Vitamina D: límites que no deben superarse

Si las cantidades adecuadas de D son críticas para nuestro bienestar, dosis muy altas de D podrían causar intoxicación .

El límite que nunca debe superarse es el de 100 mg de colecalciferol al día .

El exceso de vitamina D puede causar   una calcificación generalizada en los diversos órganos, lo que resulta en:

  • Él vomitó
  • Diarrea
  • espasmos musculares.

vitamina D: análisis de sangre

Deficiencia de vitamina D: síntomas

Generalmente, los síntomas que indican una baja presencia de vitamina D en nuestro organismo se confunden fácilmente y no son muy evidentes .

Es por eso que muchas personas no saben que están sujetas a hipovitaminosis D.

Para sujetos sanos, pero sobre todo que practican deporte a nivel competitivo , estos son los signos a tener bajo control:

  • Reducción de la fuerza muscular que se manifiesta como una sensación de fatiga y falta de respuesta al entrenamiento destinado a desarrollar la fuerza.
  • Debilidad ósea que se manifiesta en dolor y con un mayor riesgo de desarrollar fracturas por estrés.
  • Melancolía con tendencia a la depresión y consecuente disminución de la intensidad del entrenamiento.
  • Aumento de las infecciones del tracto respiratorio superior .
  • Agravamiento de trastornos inflamatorios e infecciones intestinales.

Cómo saber si tiene una deficiencia de vitamina D

La dosis de esta vitamina se mide con un simple análisis de sangre que evalúa los niveles de calcifediol .

Si este nivel es inferior a 30 nanogramos (ng) por mililitro se puede hablar de hipovitaminosis D .

Estudios recientes estiman que, a nivel mundial, alrededor de mil millones de personas padecen hipovitaminosis D: solo en Europa el 50-70% de los adultos y el 76% de los italianos la padecen.

Las consecuencias de la hipovitaminosis D son:

  • raquitismo en los niños
  • desmineralización ósea
  • disminución de la fuerza muscular en adultos.

Ejemplo de dieta con vitamina D

Vitamina D: ejemplo de dieta

La vitamina D es una vitamina liposoluble resistente a la luz, pero poco al calor; esto provoca una pérdida de la vitamina como resultado de los diferentes métodos de cocción.

Mientras que la vitamina D3 se encuentra en productos de origen animal (pescado, huevos, hígado, etc.), la vitamina D2 se encuentra en algunas verduras como las verduras y los champiñones, que representan una excelente solución vegana para la deficiencia de vitamina D (particularmente pronunciada en vegetarianos y veganos estrictos). ).

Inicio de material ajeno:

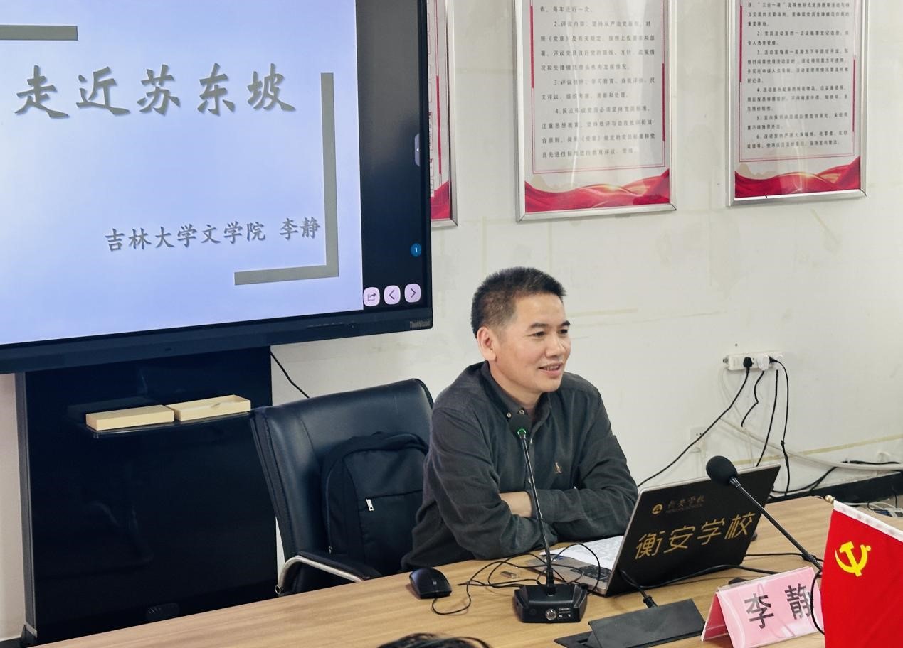 李静教授在激情洋溢的招生宣讲后,应衡安学校老师们的邀请做了“走近苏东坡”的专题讲座。精采的讲座被老师们称为“文学盛宴”,加深了对吉林大学的印象。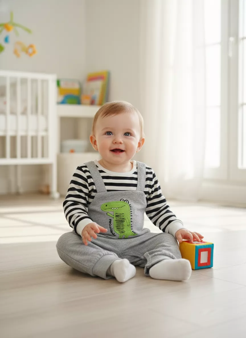小鱷魚假兩件連身爬服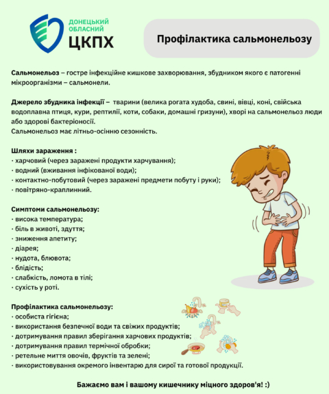 Ситуація з захворюваністю на сальмонельоз залишається загостреною: 86 випадків за 6 місяців 2024 року, показник 7,37, проти 70 випадків, показник 4,2 у минулому році, перевищення загальнодержавного показника у 2,4 рази. Серед хворих на сальмонельоз дитяче населення склало 43,02%.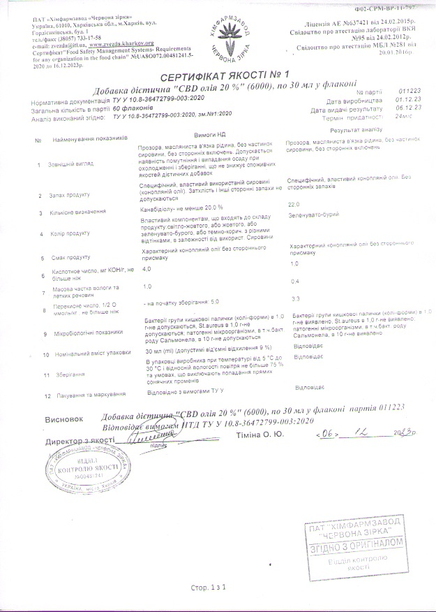 | Склад | МСТ-олія, CBD (КБД) 6000 мг |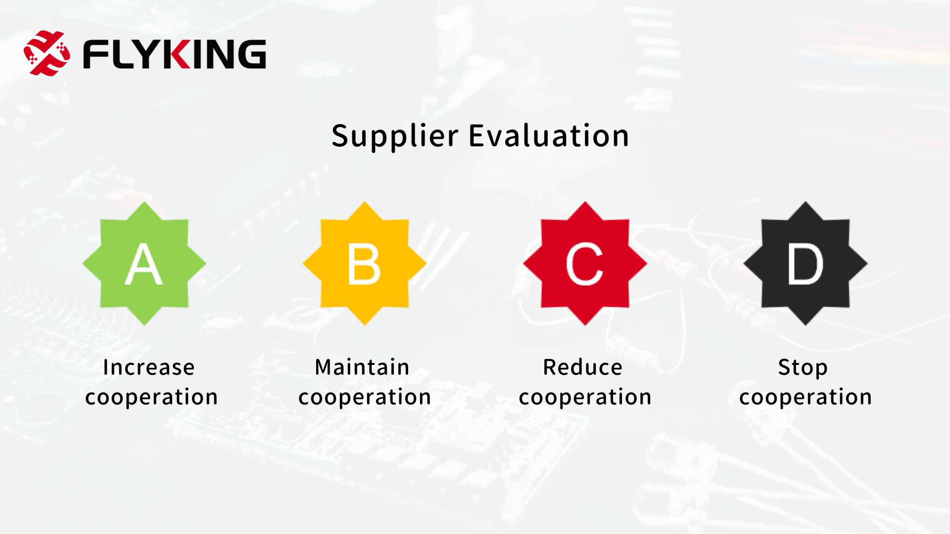 ISO9001 is the standard for measuring the integrity and compliance of an organization's quality management system. To guarantee the quality of electronic components received by our customers, Flyking Technology has set up a comprehensive quality managing process.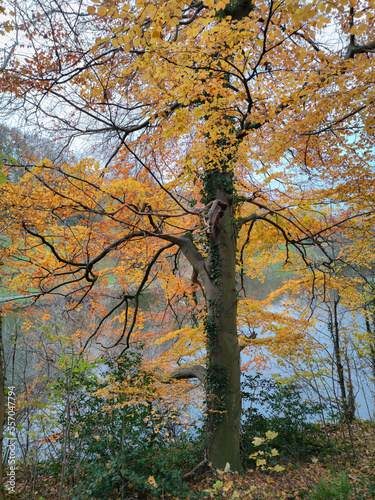 © Menyhert, Fototapeta premium Beautiful autumn image of the branches of a European beech tree (Fagus Sylvatica) with vibrant yellow to orange colored leaves.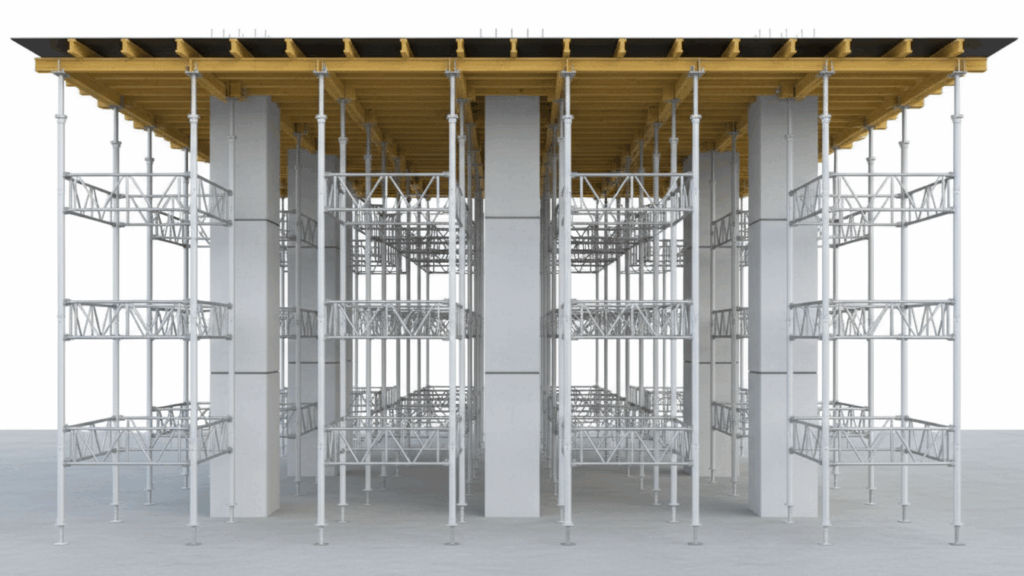Detay hafif ve dayanıklı dikme sistemi 4 tip çerçeve elemanından oluşan hızlı ve kolay kurulum sağlayan bir taşıyıcı iskele sistemidir. Ağır Yük Döşeme Altı İskele Sistemi, ana çerçeve elemanı, diyagonal bağlantı elemanı, birleştirme elemanı ve yükseklik ayar elemanlarından oluşur. Masa Kalıp Sistemi olarak kullanıldığında proje bitimine dek sökülmeden kullanılabilir. Büyük ebatlı masalar oluşturularak, işçilikten, zamandan ve malzemeden tasarruf sağlanır. Sistem yüksek taşıma kapasitesine sahiptir. Dayanımı ayak başına 55kN/dur. Detay hafif ve dayanıklı dikme sistemi projenin özelliklerine göre statik hesap yapılarak dizayn edilir. Teknik ekibimizce çözümlenen projeye en uygun malzeme miktarları çıkarılarak iskele yerleşim planı ve kesitleri ile birlikte müşterilerimize teslim edilir; uygulamalarda yerinde teknik destek verilir.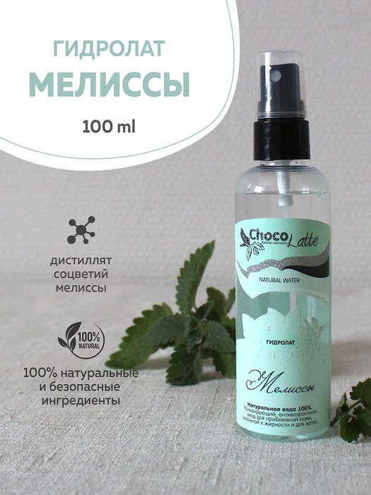 Вода получаемая в процессе водно паровой дистилляции соцветий мелиссы. Не содержит искусственных добавок, красителей и консервантов.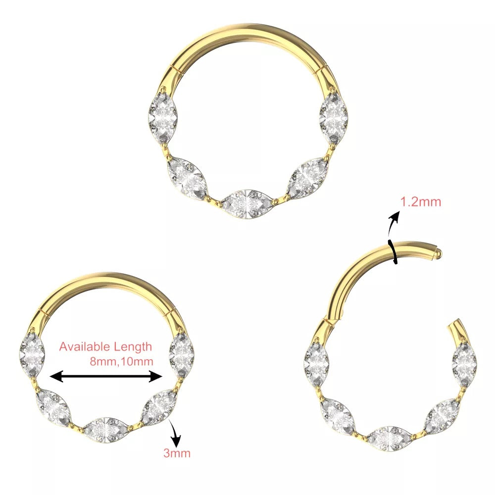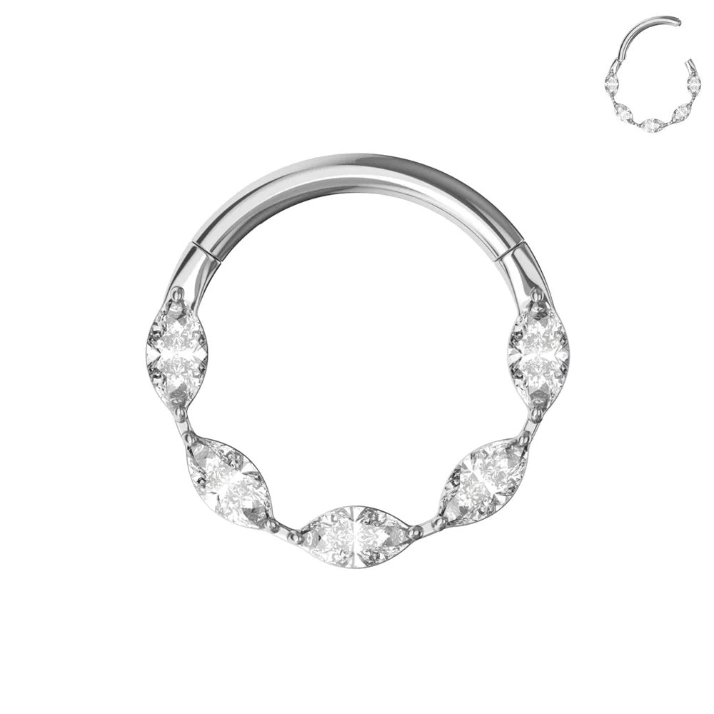Titanium hinged segment ring with a line of 5 marquise-shaped gems. Great for septum, earrings, or cartilage.  You can wear these clickers in the daith, rook, snug, or helix.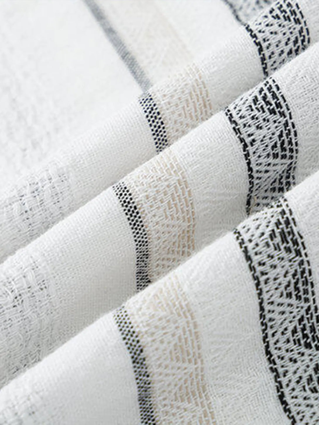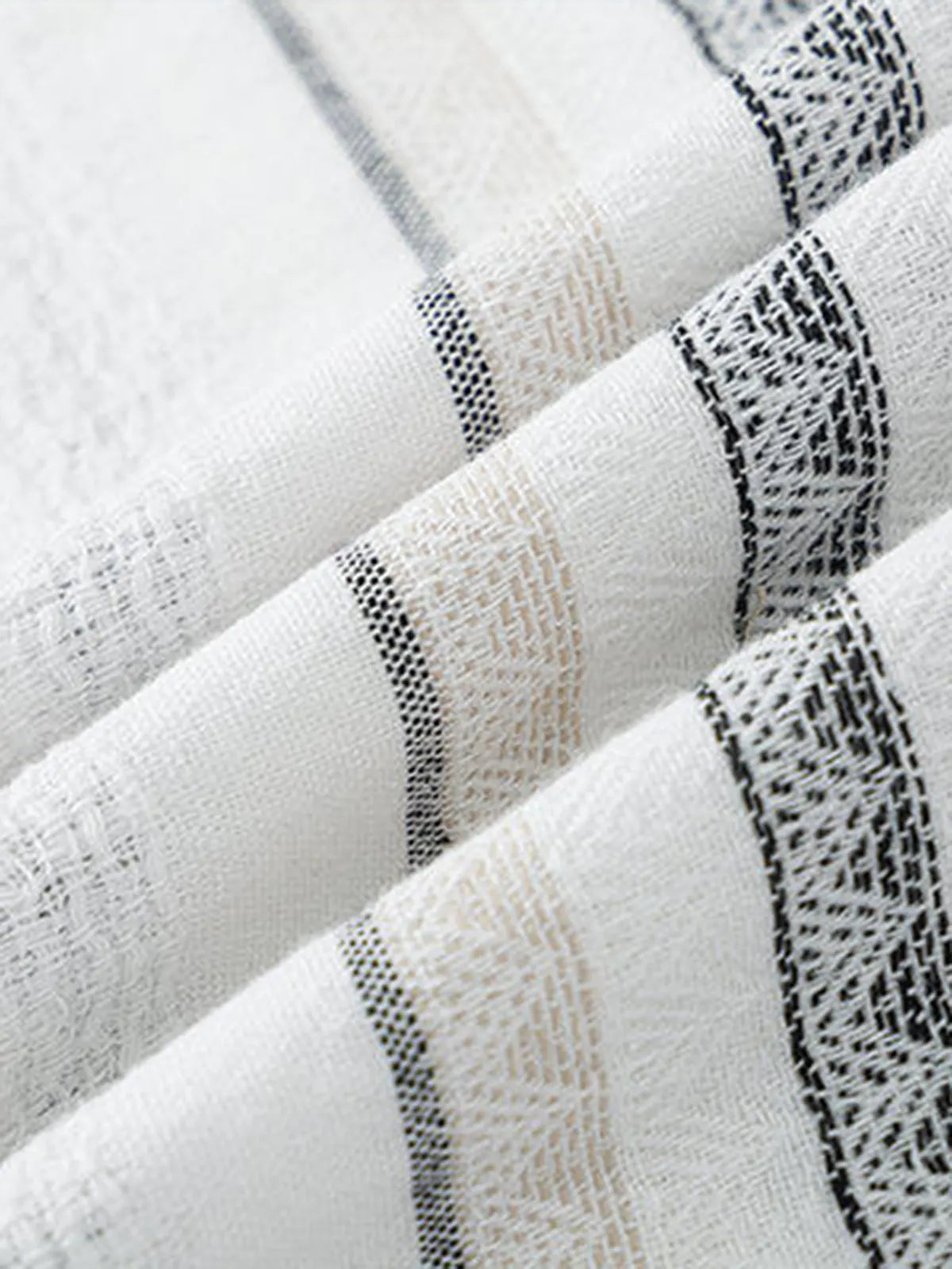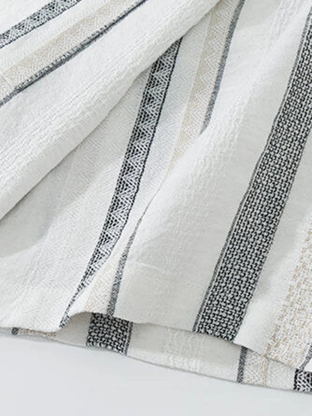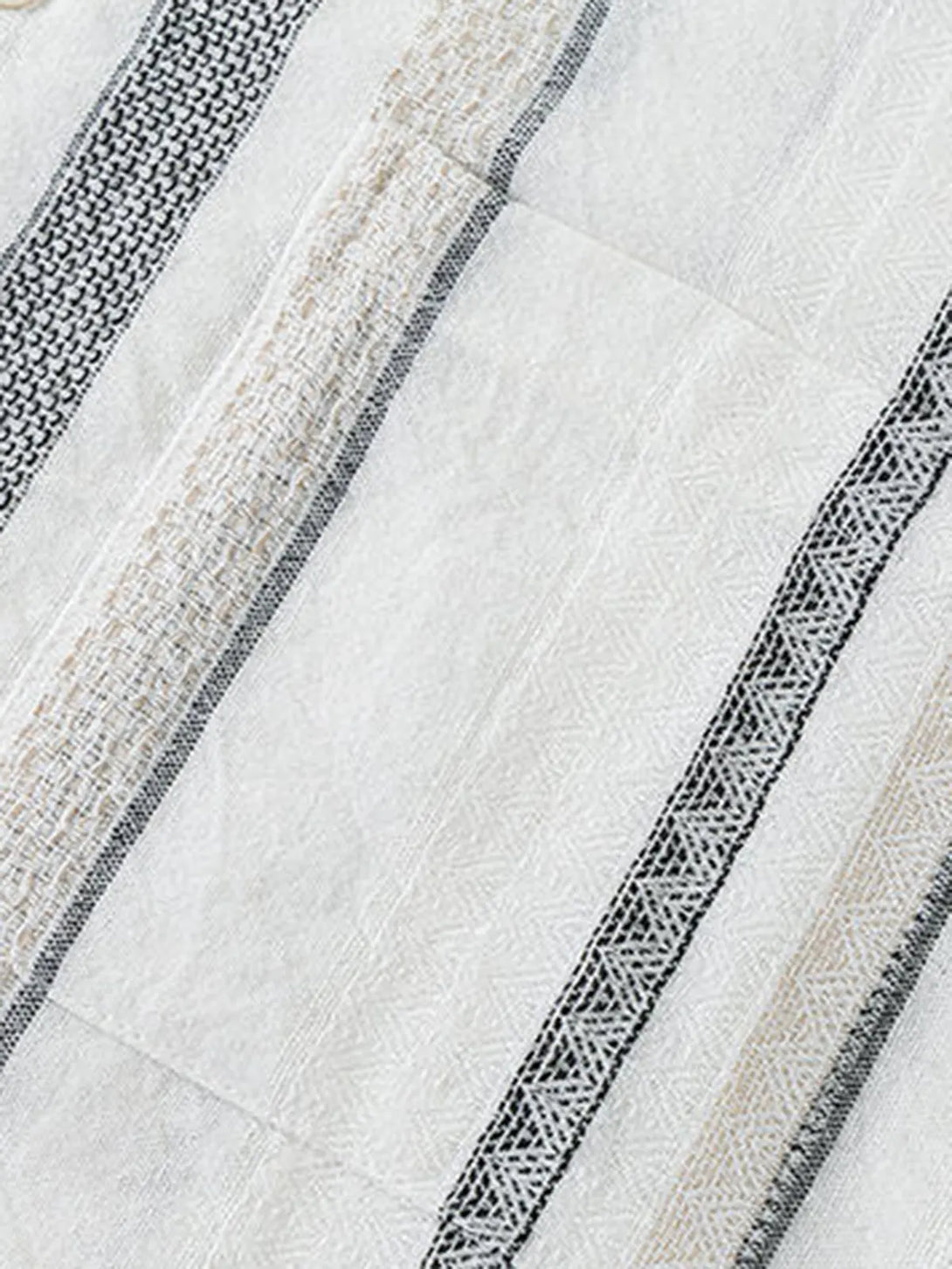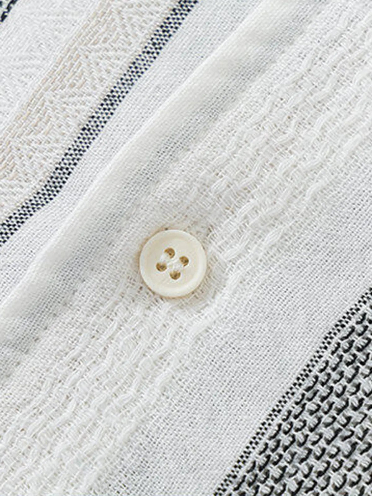 ブラウンのストライプが映える、リラックスシルエットのコットン開襟シャツ。

Un ejemplo de comida rica en vitamina D podría ser una ensalada verde con caballa o salmón a la que se le pueden agregar nueces y una rebanada de pan integral . De hecho, la caballa y el salmón enlatados son siempre opciones rápidas para quienes buscan practicidad, pero no quieren renunciar al sabor.

Otras soluciones podrían ser un flan de anchoas (condimentado al gusto) o un arenque al horno, quizás condimentado con jengibre y limón.

Con la colaboración de la bióloga nutricionista Maria Cassano .

Fuente

  1. LARN (Niveles de ingesta de referencia de nutrientes y energía)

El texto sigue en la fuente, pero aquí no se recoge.